What you will do - What is needed is an exact copy of the whole listing below, with no pictures.

Data extract -
------------------------------------------------------------

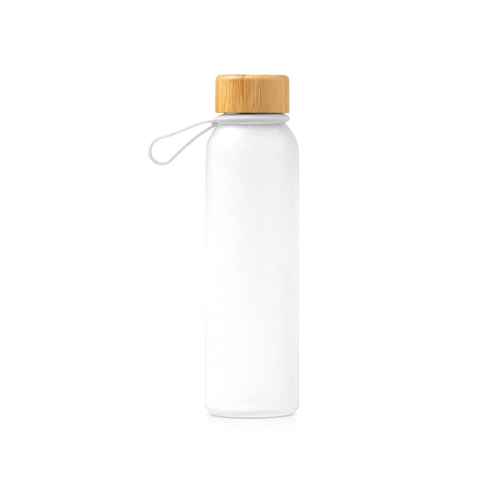 Полупрозрачная бутылка из переработанного стекла. Бамбуковая крышка с держателем. Объём: 500 мл. Поставляется в индивидуальной коробке.
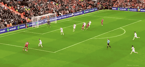 上半场结束,这是两队在安菲尔德的第100次交手,曼联暂时1-0领先。
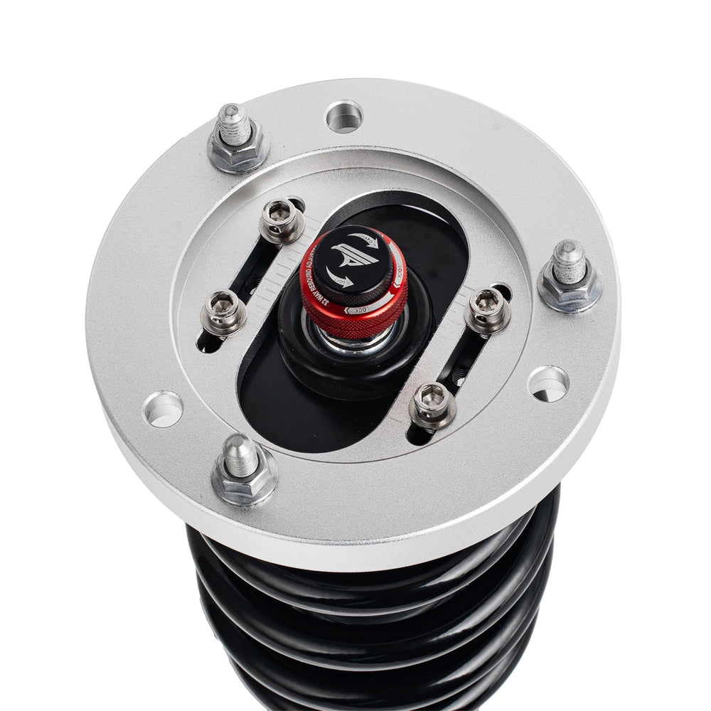 Note: This coilover kit is designed to lower your car by 1"-1.5" compared to the factory height, even at its maximum setting. Please confirm this suits your needs before purchasing.
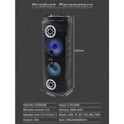 ZQS-6208 اسپیکر بلوتوثی پر قدرتی است که برای فضاهای بزرگ طراحی شده است. این اسپیکر امکانات فراوانی را دارا می باشد. قابلیت ضبط صدا در این اسپیکر تعبیه گشته است. می‌توانید پخش موسیقی را متناسب با فضا و موقعیت تنظیم کنید. اگر جزو افرادی هستید که علاقه به گرفتن مهمانی های بزرگ در خانه خود دارید این اسپیکر برای شما ساخته شده است. اسپیکر بلوتوثی ZQS-6208 شما میتوانید آن را به آسانی به هرگوشه از منزل منتقل نمایید و یا آن را به مهمانی دوستانتان ببرید. حتما شما هم در تلفن همراهتان لیستی از موزیک های مورد علاقه تان دارید با قابلیت بلوتوث میتوانید گوشی خود را به اسپیکر وصل کنید و موسیقی های مورد علاقه خود را پخش کنید. اسپیکر ZQS-6208 همچنین کارت TF , فلش مموری را پشتیبانی می کند.،با میکروفون که همراه اسپیکر قرار دارد می توانید تمرین خوانندگی کنید. همچنین با این اسپیکر میتوانید به کانال رادیویی مورد علاقه خود گوش فرا دهید. دارای امکان متصل شدن به دستگاه سری خودش TWS میباشد دارای ورودی میکروفون، میکروفون ، دارای حال های نورپردازی زیبا ، دارای حالت TWS (اتصال دو اسپیکر همزمان )، تغییر حالت نور همراه با موزیک است.

------------------------------------------------------------

Result for this exercise -
 Полупрозрачная бутылка из переработанного стекла. Бамбуковая крышка с держателем. Объём: 500 мл. Поставляется в индивидуальной коробке.
 上半场结束,这是两队在安菲尔德的第100次交手,曼联暂时1-0领先。
 Note: This coilover kit is designed to lower your car by 1"-1.5" compared to the factory height, even at its maximum setting. Please confirm this suits your needs before purchasing.
 ZQS-6208 اسپیکر بلوتوثی پر قدرتی است که برای فضاهای بزرگ طراحی شده است. این اسپیکر امکانات فراوانی را دارا می باشد. قابلیت ضبط صدا در این اسپیکر تعبیه گشته است. می‌توانید پخش موسیقی را متناسب با فضا و موقعیت تنظیم کنید. اگر جزو افرادی هستید که علاقه به گرفتن مهمانی های بزرگ در خانه خود دارید این اسپیکر برای شما ساخته شده است. اسپیکر بلوتوثی ZQS-6208 شما میتوانید آن را به آسانی به هرگوشه از منزل منتقل نمایید و یا آن را به مهمانی دوستانتان ببرید. حتما شما هم در تلفن همراهتان لیستی از موزیک های مورد علاقه تان دارید با قابلیت بلوتوث میتوانید گوشی خود را به اسپیکر وصل کنید و موسیقی های مورد علاقه خود را پخش کنید. اسپیکر ZQS-6208 همچنین کارت TF , فلش مموری را پشتیبانی می کند.،با میکروفون که همراه اسپیکر قرار دارد می توانید تمرین خوانندگی کنید. همچنین با این اسپیکر میتوانید به کانال رادیویی مورد علاقه خود گوش فرا دهید. دارای امکان متصل شدن به دستگاه سری خودش TWS میباشد دارای ورودی میکروفون، میکروفون ، دارای حال های نورپردازی زیبا ، دارای حالت TWS (اتصال دو اسپیکر همزمان )، تغییر حالت نور همراه با موزیک است.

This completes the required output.